You should use Amazon Redshift RSQL to outline exception dealing with blocks in your in ETL script to deal with varied user-defined and system-generated error situations that you just would possibly encounter whereas operating the ETL course of.

The next are among the error dealing with choices supported in Amazon Redshift RSQL:

  • :ACTIVITYCOUNT – This variable is much like the psql variable ROW_COUNT, which returns the variety of rows affected by final SQL assertion. Nevertheless, ACTIVITYCOUNT stories the affected row rely for SELECT, COPY, and UNLOAD statements, which ROW_COUNT doesn’t. For SQL statements returning knowledge, ACTIVITYCOUNT specifies the variety of rows returned to Amazon Redshift RSQL from the database.
  • :ERRORCODE – This variable accommodates the return code for the final submitted SQL assertion to the database. Error code 0 specifies that SQL assertion accomplished with none errors.
  • :ERRORLEVEL – This variable is used to assign severity ranges to errors. You should use these severity ranges to find out a plan of action. The default worth is ON.
  • :MAXERROR – This variable designates a most error severity stage past which Amazon Redshift RSQL halts job processing. If SQL statements in Amazon Redshift RSQL scripts produce an error severity stage higher than the designated maxerror worth, Amazon Redshift RSQL instantly exits.
  • :LAST_ERROR_MESSAGE – This variable accommodates the error message of the latest failed question.

We use the next syntax:

if :ERROR <> 0 
  echo :<ERRORCODE>
  echo :<LAST_ERROR_MESSAGE>
  goto <codeblock1>
else
  goto Y
endif

The syntax contains the next info:

  • <ERRORCODE> –The error code quantity
  • <LAST_ERROR_MESSAGE> – The error message of the latest failed question
  • <code_block1> – The code block to run when the error situation is met
  • <code_block2> – The code block to run when the error situation isn’t met

Within the following instance script, we create the orders_staging desk and replica data into the desk from an Amazon S3 location. The script additionally accommodates an exception dealing with part for each the desk creation and replica course of to deal with the attainable errors encountered through the course of.

echo `date`
echo 'Job began'
DROP TABLE IF EXISTS orders_staging;

create desk orders_staging (
O_ORDERKEY bigint NOT NULL,
O_CUSTKEY bigint,
O_ORDERSTATUS varchar(1),
O_TOTALPRICE decimal(18,4),
O_ORDERDATE Date,
O_ORDERPRIORITY varchar(15),
O_CLERK varchar(15),
O_SHIPPRIORITY Integer,
O_COMMENT varchar(79))
distkey (O_ORDERKEY)
sortkey (O_ORDERDATE);

if :ERROR <> 0 
  echo :ERRORCODE
  comment :LAST_ERROR_MESSAGE
  goto QUIT_JOB
else
  comment '***Orders_Staging Desk Created Efficiently****'
  goto COPY_DATA
endif

label COPY_DATA
 copy orders_staging from 's3://redshift-immersionday-  labs/knowledge/orders/orders.tbl.'
 iam_role default
 area 'us-west-2' lzop delimiter '|' COMPUPDATE PRESET;

if :ERROR <> 0
  echo :ERRORCODE
  comment :LAST_ERROR_MESSAGE
  goto QUIT_JOB
else 
  comment '****Knowledge Copied Efficiently****'
endif

echo `date`
echo 'Job Ended'
exit 0 

label QUIT_JOB
 echo `date`
 echo 'Job Failed'
 exit 1 

Knowledge transformation and preparation

You possibly can carry out some frequent knowledge preparation and transformation operations in your dataset utilizing SQL statements within the Amazon Redshift RSQL ETL script. On this part, we show knowledge transformation and preparation operations resembling casting, new knowledge column creation, and splitting an enter column into a number of columns.
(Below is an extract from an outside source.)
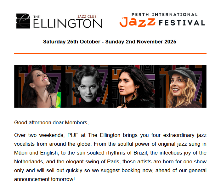 Recently seen at the Perth International Jazz Festival, Juliana has performed internationally at some of the world’s most renowned venues, including the Sydney Opera House, Montreux Jazz Festival (Switzerland), Ronnie Scott’s (London), The Green Room (New York), and Rio’s legendary Beco das Garrafas, where bossa nova was born.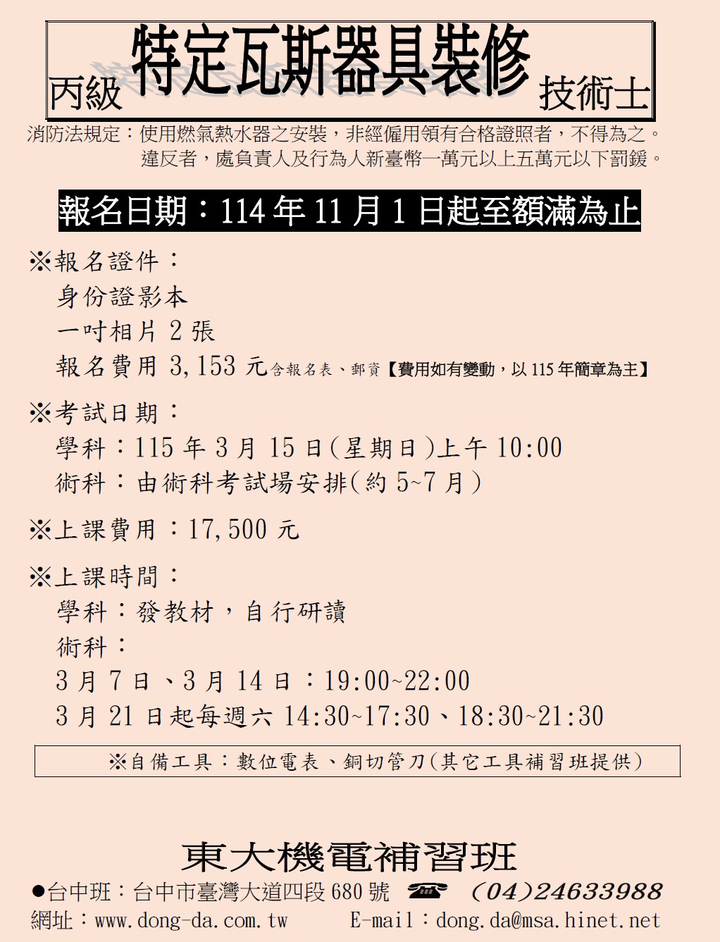 115年丙級特定瓦斯器具裝修技術士(全國)

We use business normal SQL statements for remodeling and making ready knowledge for downstream consumption.

Within the following instance script, we use a SQL assertion to remodel the information from the orders_staging desk and insert it into the orders_summary desk:

echo `date`
echo 'Job began'

insert into orders_summary 
(o_orderkey,
o_custkey,
o_orderstatus,
o_totalprice,
target_information,
rank,
description)
choose
o_orderkey,
o_custkey,
o_orderstatus,
o_totalprice::int,
case 
when o_totalprice < 200000
then 'Goal Missed'
when o_totalprice = 200000
then 'Goal Met'
when o_totalprice > 200000
then 'Goal Exceeds'
finish as "Target_Information",
split_part (o_orderpriority,'-',1) as RANK, 
split_part (o_orderpriority,'-',2) as DESCRIPTION
from orders_staging; 

if :ERROR <> 0 or :ACTIVITYCOUNT=0
 echo :ERRORCODE
 comment :LAST_ERROR_MESSAGE
 goto QUIT_JOB
else
 comment 'Knowledge Inserted into Abstract Orders Desk'
endif

echo `date`
echo 'Job Ended'
exit 0 

label QUIT_JOB
 echo `date`
 echo 'Job Failed'
 exit 1 

Export knowledge from an Amazon Redshift cluster and output file formatting choices

You should use Amazon Redshift RSQL to extract knowledge from one or a number of Amazon Redshift tables and write to your disk for consumption by downstream purposes. Amazon Redshift RSQL makes use of the EXPORT choice to export the results of question to an output file.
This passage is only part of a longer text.